→ DATA EXTRACT
-------

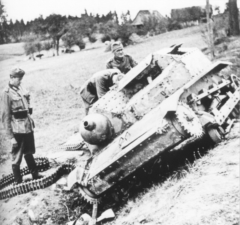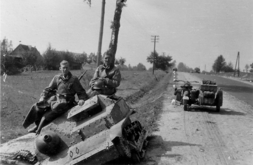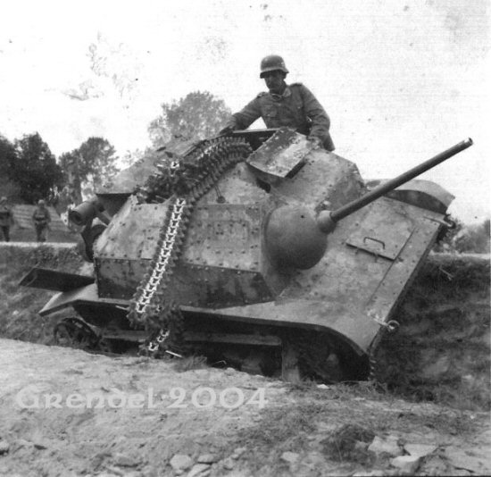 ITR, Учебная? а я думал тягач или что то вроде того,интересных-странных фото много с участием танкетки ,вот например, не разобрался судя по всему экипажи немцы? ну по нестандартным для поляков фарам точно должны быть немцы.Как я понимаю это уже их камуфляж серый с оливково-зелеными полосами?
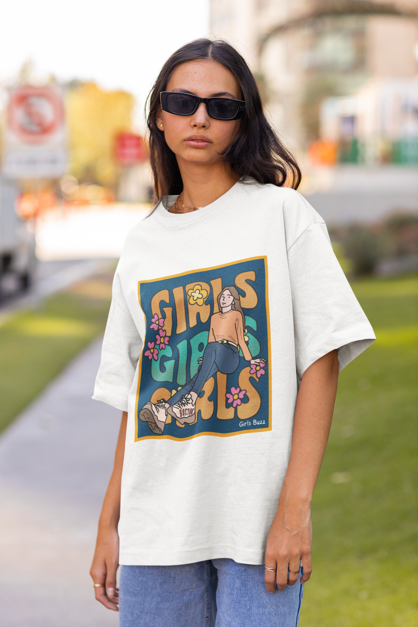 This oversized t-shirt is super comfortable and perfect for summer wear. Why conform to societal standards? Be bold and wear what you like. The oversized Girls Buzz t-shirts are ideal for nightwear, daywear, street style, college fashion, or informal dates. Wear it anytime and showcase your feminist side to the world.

-------

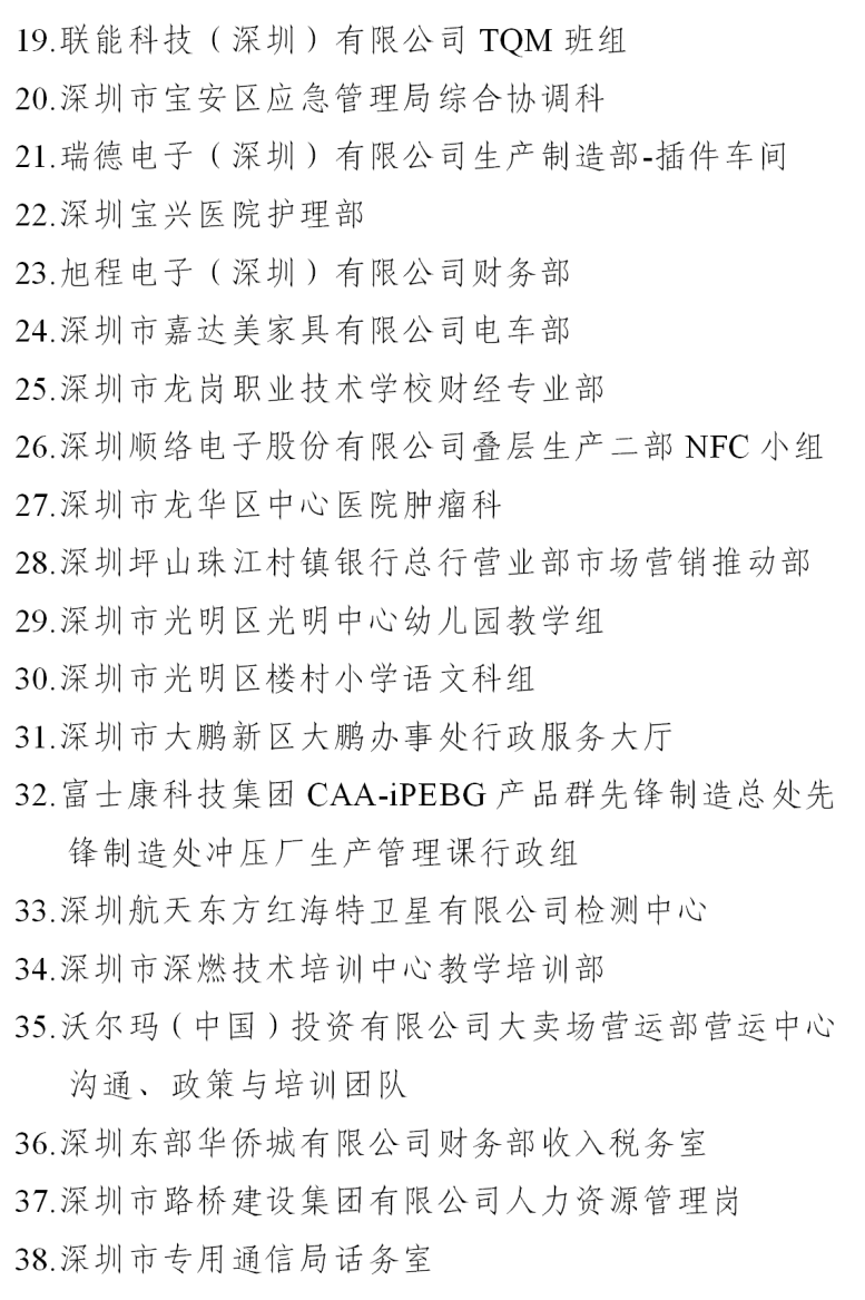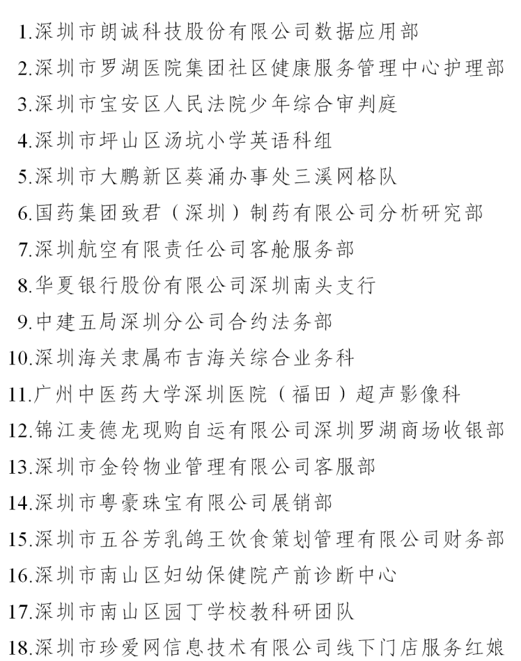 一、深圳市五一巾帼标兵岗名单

-------

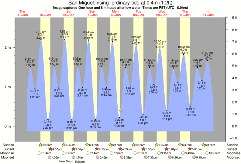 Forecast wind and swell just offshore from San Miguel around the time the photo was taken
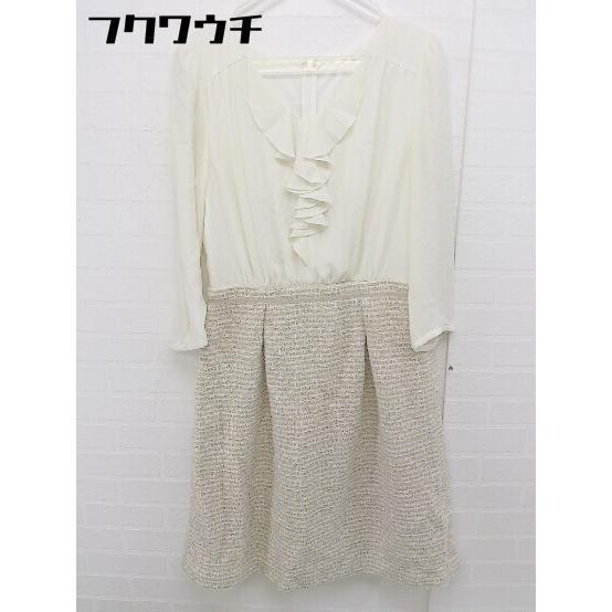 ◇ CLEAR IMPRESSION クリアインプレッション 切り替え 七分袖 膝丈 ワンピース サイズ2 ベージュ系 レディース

-------

→ WHAT YOU HAVE TO DO
What you need to produce is an exact copy of the entries above, limited to the lines from the one with "ITR, Учебная? а" up to and including the one with "This oversized t-shirt", without pictures.

→ ANSWER FOR THE TASK
 ITR, Учебная? а я думал тягач или что то вроде того,интересных-странных фото много с участием танкетки ,вот например, не разобрался судя по всему экипажи немцы? ну по нестандартным для поляков фарам точно должны быть немцы.Как я понимаю это уже их камуфляж серый с оливково-зелеными полосами?
 This oversized t-shirt is super comfortable and perfect for summer wear. Why conform to societal standards? Be bold and wear what you like. The oversized Girls Buzz t-shirts are ideal for nightwear, daywear, street style, college fashion, or informal dates. Wear it anytime and showcase your feminist side to the world.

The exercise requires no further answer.